🕒 A case for procrastinating on email
I saw this, around lunch time, one Wednesday.
https://twitter.com/andypiper/status/1222478036047745024?s=09
Starting my day with email
I learned, at my first full-time job, that very busy people are waiting on things from me. Here I am, a new grad, fresh out of school. And all these professionals are delayed in doing their important work. Why? Because their requests are languishing in my inbox.
But it was in university, when I first saw evidence of email response expectations. Group work team mates would sometimes complain about a person being a bottleneck because they had not responded to an email sent in the past hour.
I'll be damned if I became a bottleneck! I worked hard to stay on top of my email 💪🏽
There was, then, a constant pressure to respond to email quickly. There still is, now. Checking email feels like the smart place to start the day. It feels like a backlog. And I can't have a backlog. Clear the backlog, then I can get started with real work!

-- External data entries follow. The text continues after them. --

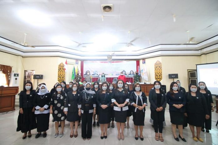 LANDAK – Bupati Landak Karolin Margret Natasa menghadiri pelantikan dan pengukuhan Dewan Pimpinan Cabang (DPC) Kaukus Perempuan Politik Indonesia (KKPI) Kabupaten Landak yang dilantik langsung Ketua Dewan Pimpinan Daerah (DPD) Kaukus Perempuan Politik Indonesia (KKPI) Kalimantan Barat Angeline Fremalco di aula Kantor DPRD Kabupaten Landak, kamis (25/11/2021).
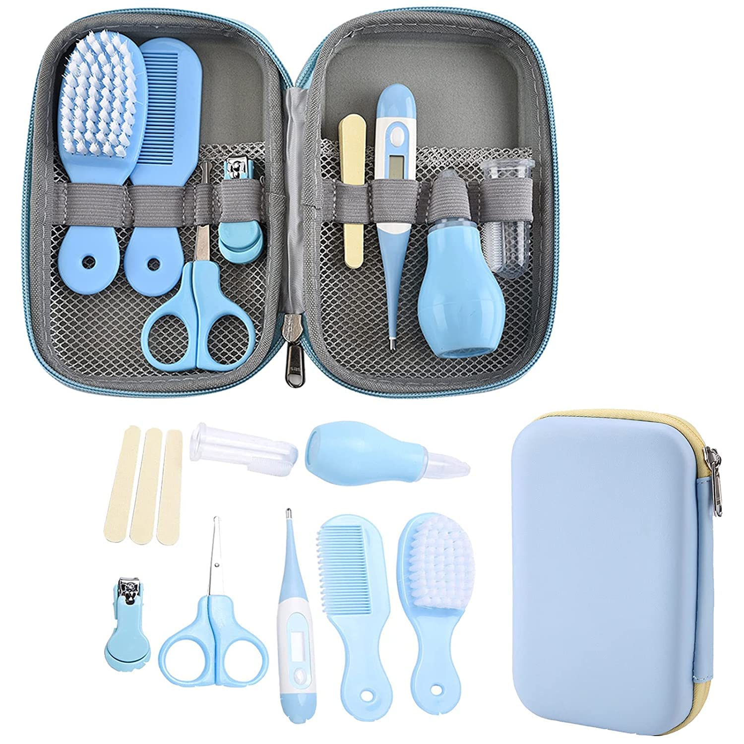 مجموعة ادوات تجميل للاطفال من الميكاكو فرشاة شعر الطفل 8 في 1 العناية بالطفل مستلزمات قصافة اظافر منظف خرطوم للعناية بجسم أزرق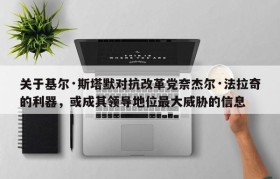 关于基尔·斯塔默对抗改革党奈杰尔·法拉奇的利器,或成其领导地位最大威胁的信息

At first, the amount of email is not much of a burden. 📬
But I work in a knowledge economy. After a few years in this knowledge economy I, as a somewhat productive and semi-informed wage earner, have amassed countless contacts, subscriptions, and newsletters. With a daily backlog of email as proof of my success! 📬📬📬
"Put it off!", says my lizard brain.
And I, having learned to distrust impulses, think it a bad idea.
"Do it later!", says my rational brain.
Now I'm thinking I may have my wires crossed.
"There was a day when I looked up and realized, I had become someone who professionally replied to email, and who wrote as a hobby."
Neil Gaiman said that in a speech to uni graduates in 2012.
My LinkedIn headline is not Expert Email Writer. Responding to and writing new emails is a skill. It's not the job. It lets me achieve my goal, which should be something else entirely.
I don't like feeling that email was the achievement of the day. So, I'll take a page out of Neil's book.
Doing email after doing actual work
"I started answering fewer emails, and was relieved to find I was writing much more."
I pushed my window to do email into the afternoon. I now spend my mornings writing, coding, and creating in any form. In the afternoon, when I process my email, it helps me build out the following day.
Afternoons are for planning and arranging.
In a later newsletter, I'll talk about filtering email so that the inbox I check every day isn't full of literally everything. Some of the emails in there could wait till the weekend, or some other time to be done. And I can have separate inboxes for those, so I don't have to see them, until I need to see them.